Running out of activities to do, Marge finds herself at Well + Good, where they are hiring new people. She makes a good impression at the center and is immediately hired. The day of the opening, she is nervous but makes a $100 sale, before finding out they are a legal cannabis shop, making her a drug dealer. The owner, Drederick Tatum, tries to convince her to stay, but she is reluctant until Homer, Bart and Lisa convince her to keep the job, where she helps various members of the community.

When Otto tries to buy some cannabis, he is confused by the variety of products and goes to Moe's. There he expresses his feelings toward the situation, and wanting to bring back the illegal drug trade, Homer, Moe and Lenny recreate it in the tavern's back room. Meanwhile, Tatum unveils "The Drederick", a cannabis resort and spa, and wants Marge to host the opening. However, he claims he cannot offer her the job because Homer is giving weed a bad image with his shop. Marge tries to convince Homer to stop, but he refuses and the two argue fiercely all night.

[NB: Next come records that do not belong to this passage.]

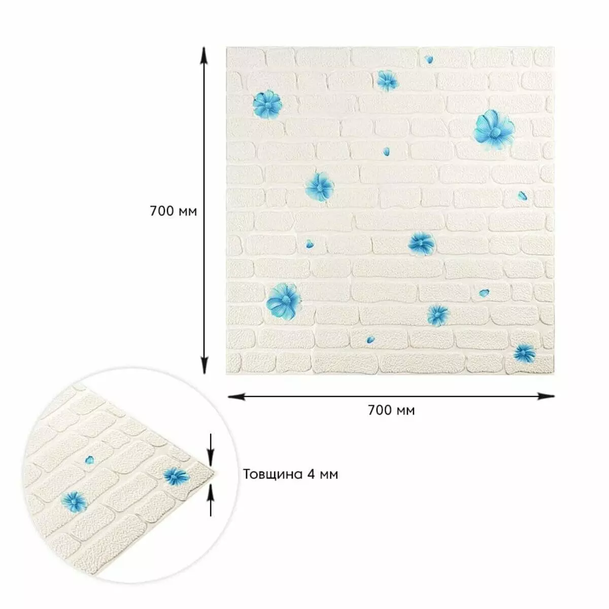 Панель стінова 3D 700х700х4мм Блакитні квіти SW-00001977
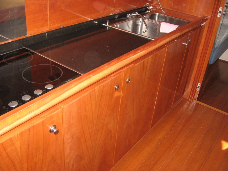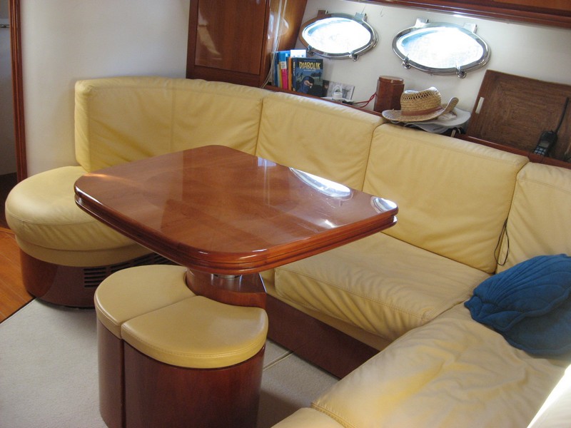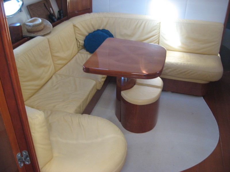 Notas internasGuest cabina 1 doble doble independiente de VIP en la entrada de la cabina con baño con WC, lavabo, ducha, 1 camarote doble estéreo en una superficie plana con cuarto de baño con WC, lavabo, ducha, todas las cabañas con aire acondicionado frÃo living comedor sala de estar con sofá y mesa de centro, gran amarillo TV Samsung 26 "LCD, reproductor de DVD, decodificador de Sky, Hi-Fi Sony Radio CD equipada cocina con vitrocerámica con 4 quemadoresHorno Bosch, convección y microondas, nevera, congelador, doble lavamanos, lavaplatos de acero inoxidable.  Notas de la instrumentaciónRaitheon ST 7000 piloto automático-GPS chartplotters Geonav 10 c-Raytheon ST60 Tridata (temp.vel de profundidad).Rápida cadena de plata metro contra-compass-EPIRB satélite-VHF Shipmate TV inversor Navisystem-antena analógico y digital terrestre Tv-hidráulico pasarela acero inoxidable y deformación de teca Besenzoni 1 cabrestante en el ancla de popa con 100 m arco de acero inoxidable mm cadena 12 propulsores y propulsores de popa Notas de armamentoMesa de teca cabina y sofá en cabina, cabina fregadero con gabinete, cristal encimera de cerámica 3 quemadores y refrigerador de cabina, cuscineria sunsuit, tapas del disco duro completo (tapa suave) se pueden abrir ventanas laterales de accionamiento eléctrico |
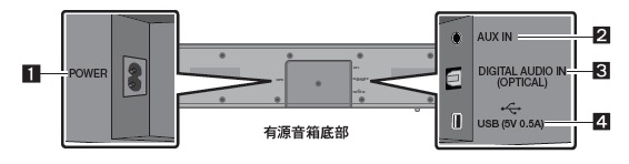 USB - 在此連接 USB 裝置,以透過 Soundbar 播放 USB 裝置上的音樂檔案。
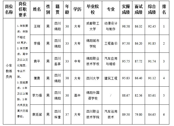 根據(jù)綿陽市汽車實驗駕駛技術學校股份有限公司發(fā)布的招聘公告及招聘相關規(guī)定,經(jīng)面試、實操等程序,現(xiàn)將面試、實操成績予以公示。
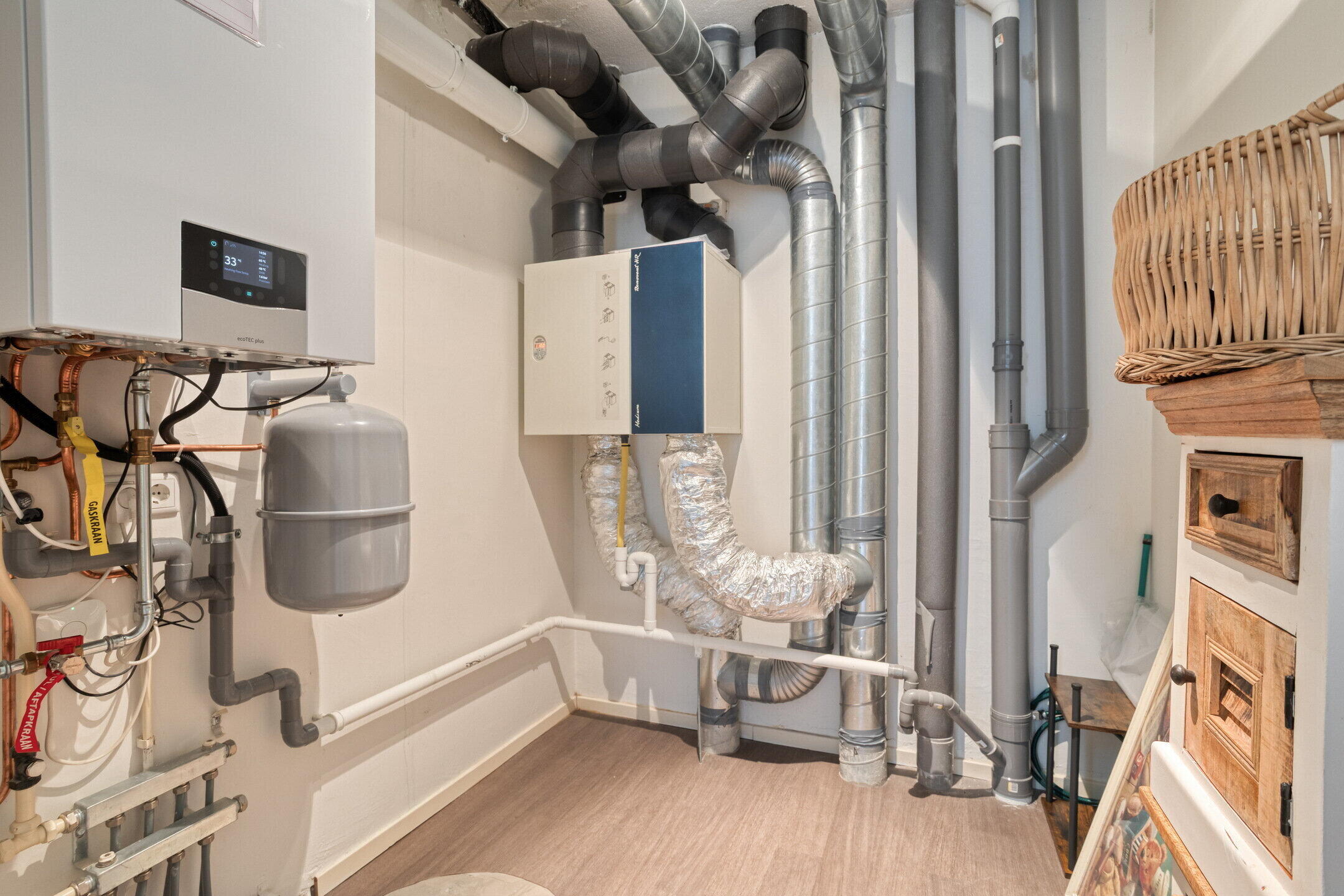 In de technische ruimte (ca. 5 m²) zijn de HR-combiketel (2023, eigendom) en WTW-installatie. De zonneboiler is recent verwijderd, de aansluitingen zijn nog aanwezig evenals de bijbehorende warmtepanelen op het hoofddak.
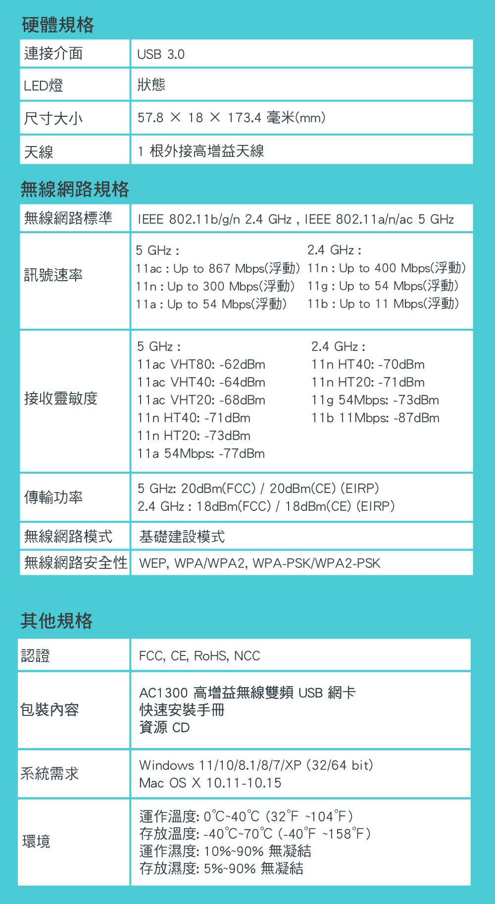 高增益天線 — 進階的外接高增益天線大大的增強 USB 網卡的接收和傳送的訊號強度
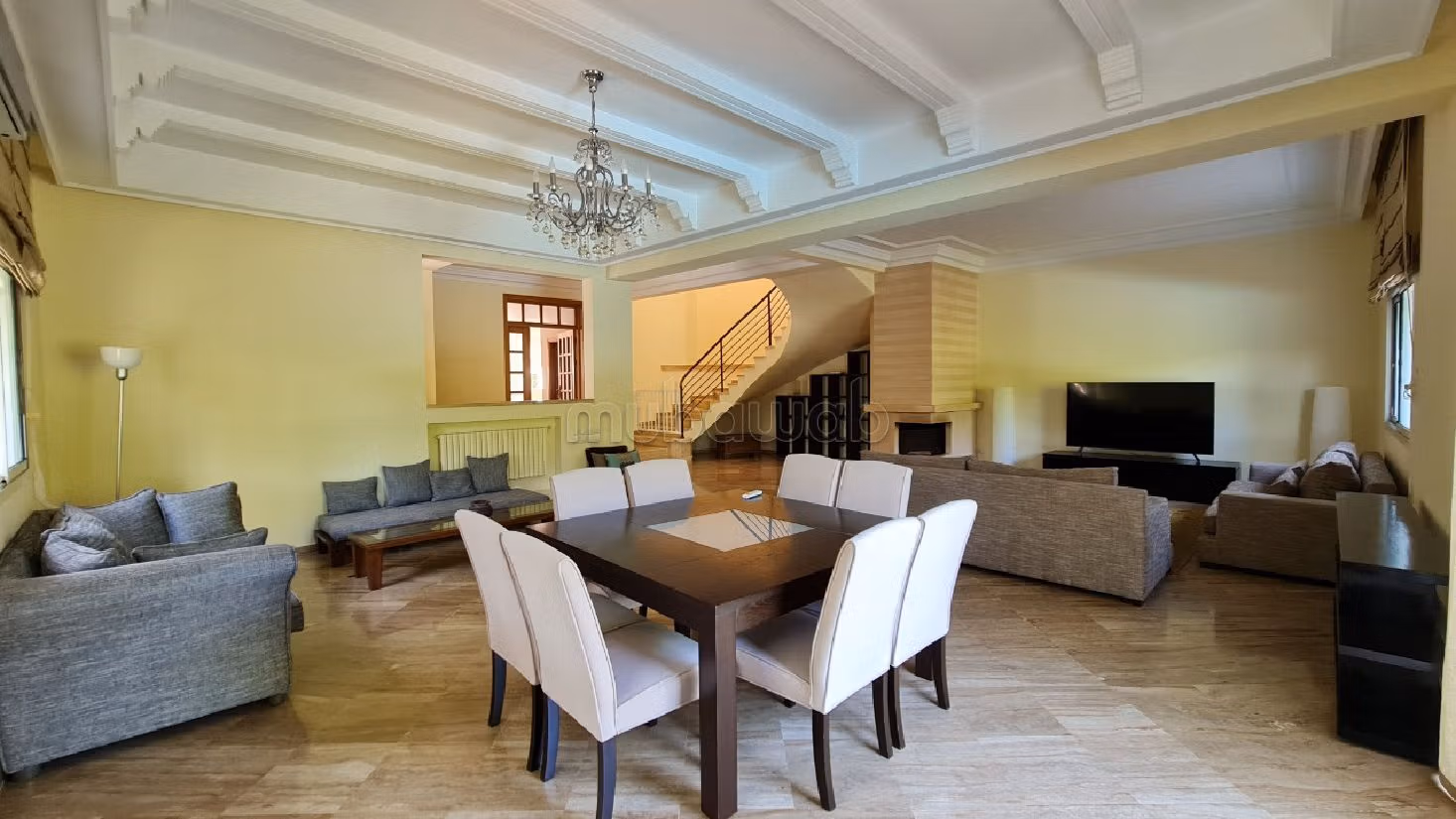 Cette luxueuse maison est à louer à Ain Diab. Profitez du confort de la cheminée et de la climatisation. La résidence dispose d'un service de concierge. Vous bénéficierez d'une terrasse et d'un jardin.
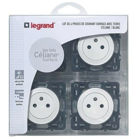 Lot 4 prises de courant avec terre 16A – LEGRAND Céliane – Affleurante – Puissance max : 3680W en 230V – NF – Couleur : blanc – A assembler avec plaque de finition – Fixation par vis ou griffes dans boîte a encastrer profondeur 40mm Batibox ou existante.
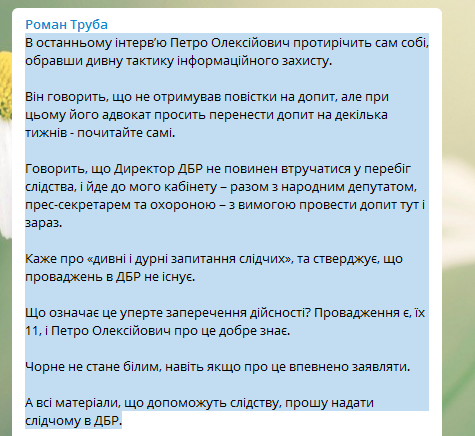 "В последнем интервью Петр Алексеевич противоречит сам себе, выбрав странную тактику информационной защиты. Он говорит, что не получал повестки на допрос, но при этом его адвокат просит перенести допрос на несколько недель - почитайте сами. Говорит, что директор ГБР не должен вмешиваться в ход следствия, и идет в мой кабинет - вместе с народным депутатом, пресс-секретарем и охраной - с требованием провести допрос здесь и сейчас", - заявил Труба.
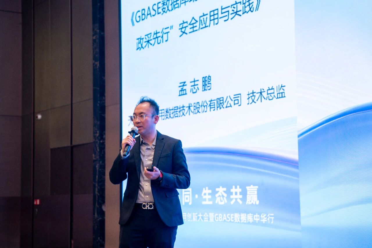 在活动主题分享环节,GBASE南大通用技术总监孟志鹏发表《GBASE数据库助力“国产领航,政采先行”安全应用与实践》主题演讲。
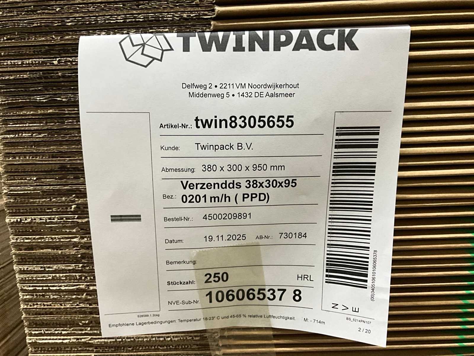 Op 24 pallets Merk: Twinpack Afmeting h: 950mm Afmeting l: 380mm Afmeting b: 300mm
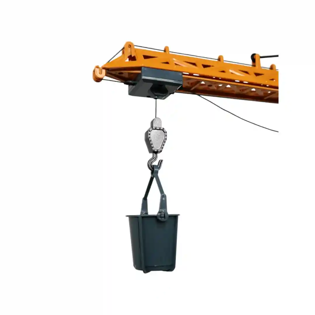 Gancho de Carga: El gancho de carga, de apariencia robusta y metálica, puede subir y bajar para levantar los accesorios. Viene con una cubeta o cucharón de plástico para transportar materiales, ¡perfecto para tus misiones de construcción!
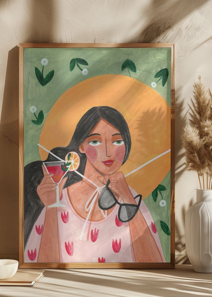 Upptäck en färgglad och livfull poster som fångar sommarens essens. Motivet visar en stilfull kvinna med långt mörkt hår, klädd i en trendig blus med röda tulpanmönster. Hon håller en cocktail i handen, dekorerad med citrusfrukter, vilket tillför en exotisk känsla till printet. Kvinnans uttryck är avslappnat och självsäkert, vilket gör denna affisch perfekt för den som vill addera en touch av elegans och njutning till sitt hem.
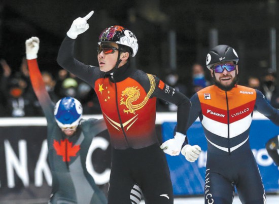 任子威(中)本賽季狀態(tài)出色,發(fā)揮穩(wěn)定,這是他在去年11月底進(jìn)行的短道速滑世界杯多德雷赫特站比賽中奪得男子1500米冠軍后霸氣慶祝。 新華社供圖
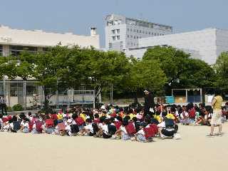 運動場に全員集合です。

Tatum offers Marge an alternative option: if Marge could provide evidence that Homer is serving food, the county health department will shut him down. Marge goes through with the plan, giving Homer a jar of cheese balls and encouraging him to serve some to Lenny and Krusty the Clown. When they eat some of the cheese balls, the department closes the activity, betraying Homer.

At The Drederick's opening ceremony, Homer sneaks in claiming to be Kevin Smith's father, and, supposedly drunk, upsets the influencers by revealing Marge has never tried pot herself. To save face, she tries some and feels the effects of getting high. She finds out she was deceived and that the people at Well + Good were only promoting their cannabis products as healthy as a front to get high. She attempts to counter the high by eating food, only to find out they are all laced with pot and that the napkins are potent in pot. Increasingly disoriented, she makes her way into the bathroom and is comforted by Homer, who had faked being drunk to teach her a lesson.

After Marge's bad experience with cannabis, she apologizes to Homer for ratting him out; he also apologizes for ruining the one place that made her feel special. As Marge is still feeling weird from her high, Homer tries to make it up to her by lighting a joint, which turns out to be an electronic cigarette that explodes and causes a chain reaction that destroys the resort completely.

In the end, Well + Good closes down and the city declares cannabis outlawed in an emergency law. However, Lisa points out that with the loss of the tax money, Maggie's preschool will soon be shut down.

==Production==
In January 2020, Kevin Smith announced that he would be guest starring as himself in an episode of The Simpsons. Billy Porter played Desmond, the Well + Good store manager, and Chelsea Peretti played Lauren, a saleswoman at the store. Peretti guest starred as a different character last season.

==Reception==
===Viewing figures===
The episode earned a 0.6 rating and was watched by 1.66 million viewers, which was the most watched show on Fox that night.

===Critical response===
Dennis Perkins of The A.V. Club gave this episode a B, stating that "Now that the legal pot business is here to stay...that the Simpsons (family and series) would incorporate it into the sweep of shenanigans, adventures, and whatnot feels, well, organic. And the script for ‘Highway To Well,’ credited to the always-welcome Carolyn Omine, does an admirable job of making the marijuana element (underrated dispensary name) feel right at home as just another excuse for Homer and Marge's differences to bubble to the surface, rather than reeking with ‘very special episode’ staleness or sensationalism. As things turn out, legalized pot is just another new development in American society that reveals the characters, in a more or less satisfying manner."

Tony Sokol of Den of Geek gave this episode 3.5 out of 5 stars. He felt the jokes would not work in the future when marijuana would not be taboo for the next generation.